#### TRY IT:
Transcribe every line of the material below without change, apart from dropping the pictures.

#### PROVIDED DATA:
++++++++++++++++++++

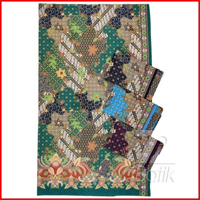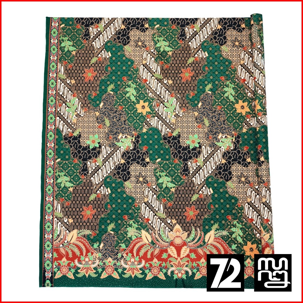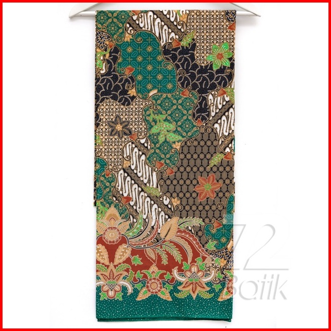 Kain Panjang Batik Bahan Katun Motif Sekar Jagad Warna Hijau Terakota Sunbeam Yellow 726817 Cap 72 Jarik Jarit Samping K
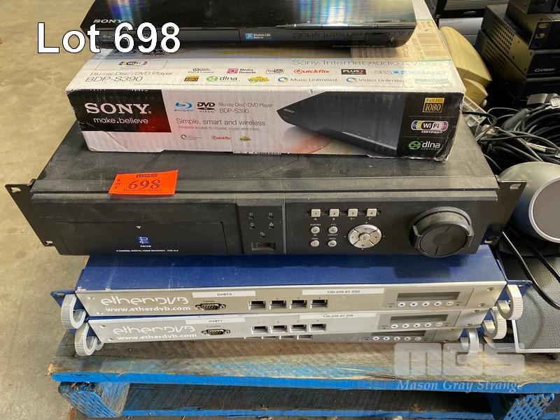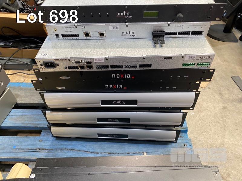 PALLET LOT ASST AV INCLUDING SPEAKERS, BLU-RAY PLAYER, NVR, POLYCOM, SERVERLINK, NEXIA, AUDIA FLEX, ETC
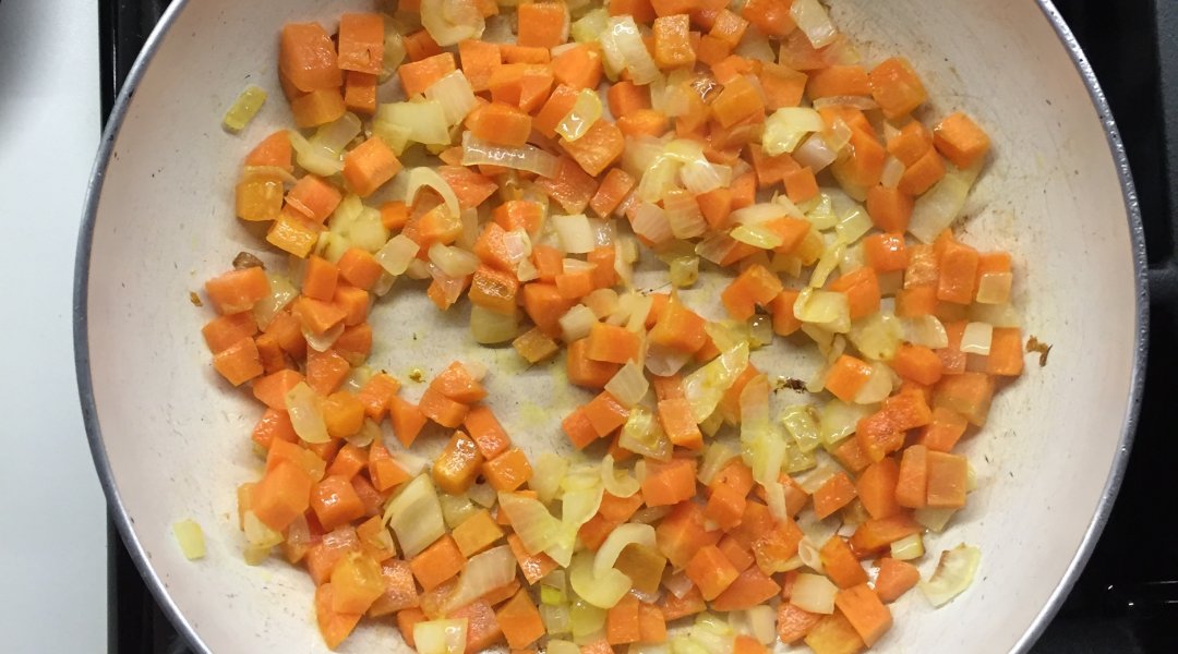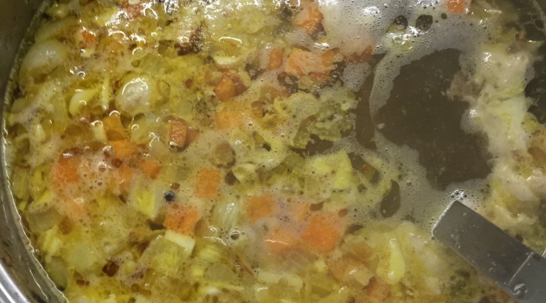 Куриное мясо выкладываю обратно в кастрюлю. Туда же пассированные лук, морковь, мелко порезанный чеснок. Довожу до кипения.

++++++++++++++++++++

#### ANSWER BOX:
 Kain Panjang Batik Bahan Katun Motif Sekar Jagad Warna Hijau Terakota Sunbeam Yellow 726817 Cap 72 Jarik Jarit Samping K
 PALLET LOT ASST AV INCLUDING SPEAKERS, BLU-RAY PLAYER, NVR, POLYCOM, SERVERLINK, NEXIA, AUDIA FLEX, ETC
 Куриное мясо выкладываю обратно в кастрюлю. Туда же пассированные лук, морковь, мелко порезанный чеснок. Довожу до кипения.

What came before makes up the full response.